Records contained in a dataset:
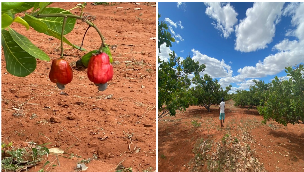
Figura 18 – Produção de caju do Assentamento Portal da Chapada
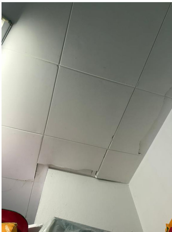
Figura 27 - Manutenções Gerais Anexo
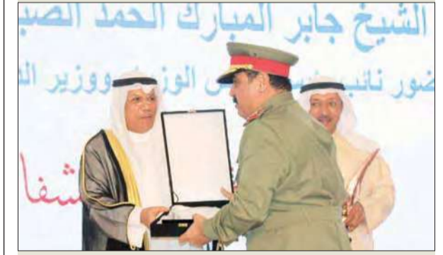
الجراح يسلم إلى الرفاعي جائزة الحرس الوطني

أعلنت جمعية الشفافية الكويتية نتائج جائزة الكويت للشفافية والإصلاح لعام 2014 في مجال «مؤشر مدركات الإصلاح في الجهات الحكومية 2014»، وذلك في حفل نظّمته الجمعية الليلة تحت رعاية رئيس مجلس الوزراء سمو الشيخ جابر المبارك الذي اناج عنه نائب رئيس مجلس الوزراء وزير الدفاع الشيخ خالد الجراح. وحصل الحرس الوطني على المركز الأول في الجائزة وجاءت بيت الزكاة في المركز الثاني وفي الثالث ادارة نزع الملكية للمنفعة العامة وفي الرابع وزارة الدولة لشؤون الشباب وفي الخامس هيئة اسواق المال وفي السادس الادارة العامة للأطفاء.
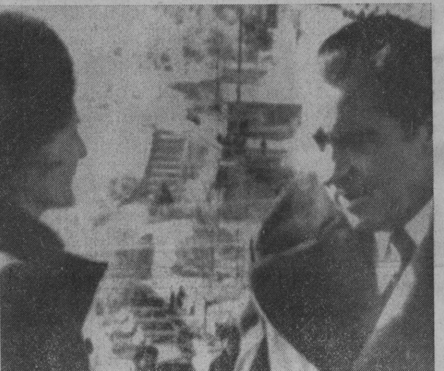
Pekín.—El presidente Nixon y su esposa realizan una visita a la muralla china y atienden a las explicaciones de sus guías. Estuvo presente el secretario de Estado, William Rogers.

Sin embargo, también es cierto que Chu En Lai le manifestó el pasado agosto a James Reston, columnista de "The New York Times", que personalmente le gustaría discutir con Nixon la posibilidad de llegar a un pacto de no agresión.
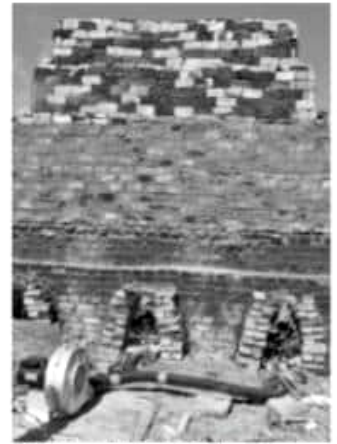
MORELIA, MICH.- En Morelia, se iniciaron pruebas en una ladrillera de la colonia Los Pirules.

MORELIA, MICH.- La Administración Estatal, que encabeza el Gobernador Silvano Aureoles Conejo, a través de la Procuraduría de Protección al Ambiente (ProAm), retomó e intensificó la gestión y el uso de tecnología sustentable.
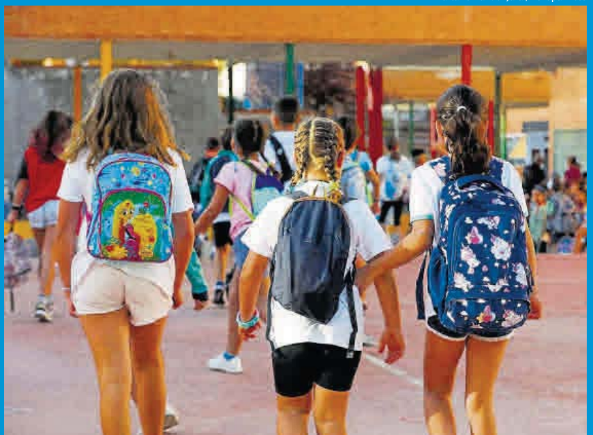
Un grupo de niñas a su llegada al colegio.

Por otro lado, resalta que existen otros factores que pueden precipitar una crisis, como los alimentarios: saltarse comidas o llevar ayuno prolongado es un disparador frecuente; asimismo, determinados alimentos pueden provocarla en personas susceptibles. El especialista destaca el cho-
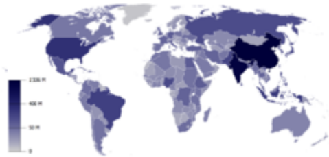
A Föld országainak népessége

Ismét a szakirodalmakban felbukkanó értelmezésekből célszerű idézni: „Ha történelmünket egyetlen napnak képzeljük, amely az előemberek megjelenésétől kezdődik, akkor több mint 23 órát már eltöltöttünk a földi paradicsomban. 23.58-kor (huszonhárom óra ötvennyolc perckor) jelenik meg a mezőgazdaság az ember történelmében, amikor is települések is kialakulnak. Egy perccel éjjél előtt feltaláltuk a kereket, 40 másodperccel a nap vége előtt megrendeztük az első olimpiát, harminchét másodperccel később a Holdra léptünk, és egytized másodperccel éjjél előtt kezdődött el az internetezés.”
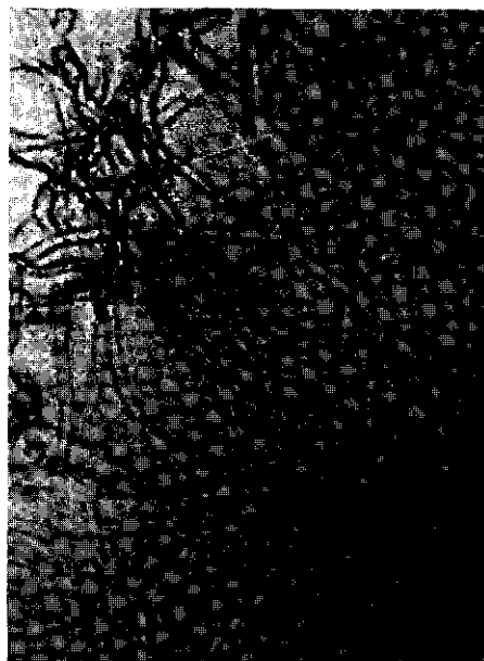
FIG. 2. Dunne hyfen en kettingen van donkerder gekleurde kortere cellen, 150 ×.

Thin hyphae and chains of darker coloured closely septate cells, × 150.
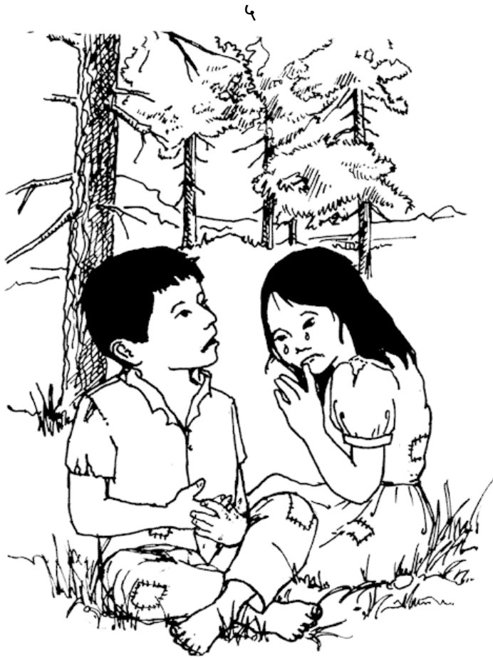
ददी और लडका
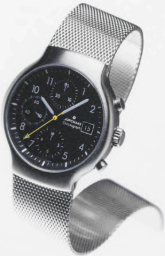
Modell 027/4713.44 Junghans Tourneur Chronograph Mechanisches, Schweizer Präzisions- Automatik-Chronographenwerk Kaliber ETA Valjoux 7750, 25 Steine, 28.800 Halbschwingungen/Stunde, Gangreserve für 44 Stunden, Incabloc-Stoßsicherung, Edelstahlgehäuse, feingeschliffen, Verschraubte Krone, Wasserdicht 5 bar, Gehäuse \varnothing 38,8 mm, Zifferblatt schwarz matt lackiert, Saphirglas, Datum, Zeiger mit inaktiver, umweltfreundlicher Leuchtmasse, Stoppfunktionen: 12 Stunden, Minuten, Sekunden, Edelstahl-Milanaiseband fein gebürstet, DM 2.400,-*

> YOUR INSTRUCTIONS:
From the line holding "Sin embargo, también" to the line holding "ददी और लडका", both included, retype the entries above exactly and drop the pictures.

> SOLUTION TO THE EXERCISE:
Sin embargo, también es cierto que Chu En Lai le manifestó el pasado agosto a James Reston, columnista de "The New York Times", que personalmente le gustaría discutir con Nixon la posibilidad de llegar a un pacto de no agresión.
MORELIA, MICH.- En Morelia, se iniciaron pruebas en una ladrillera de la colonia Los Pirules.

MORELIA, MICH.- La Administración Estatal, que encabeza el Gobernador Silvano Aureoles Conejo, a través de la Procuraduría de Protección al Ambiente (ProAm), retomó e intensificó la gestión y el uso de tecnología sustentable.
Un grupo de niñas a su llegada al colegio.

Por otro lado, resalta que existen otros factores que pueden precipitar una crisis, como los alimentarios: saltarse comidas o llevar ayuno prolongado es un disparador frecuente; asimismo, determinados alimentos pueden provocarla en personas susceptibles. El especialista destaca el cho-
A Föld országainak népessége

Ismét a szakirodalmakban felbukkanó értelmezésekből célszerű idézni: „Ha történelmünket egyetlen napnak képzeljük, amely az előemberek megjelenésétől kezdődik, akkor több mint 23 órát már eltöltöttünk a földi paradicsomban. 23.58-kor (huszonhárom óra ötvennyolc perckor) jelenik meg a mezőgazdaság az ember történelmében, amikor is települések is kialakulnak. Egy perccel éjjél előtt feltaláltuk a kereket, 40 másodperccel a nap vége előtt megrendeztük az első olimpiát, harminchét másodperccel később a Holdra léptünk, és egytized másodperccel éjjél előtt kezdődött el az internetezés.”
FIG. 2. Dunne hyfen en kettingen van donkerder gekleurde kortere cellen, 150 ×.

Thin hyphae and chains of darker coloured closely septate cells, × 150.
ददी और लडका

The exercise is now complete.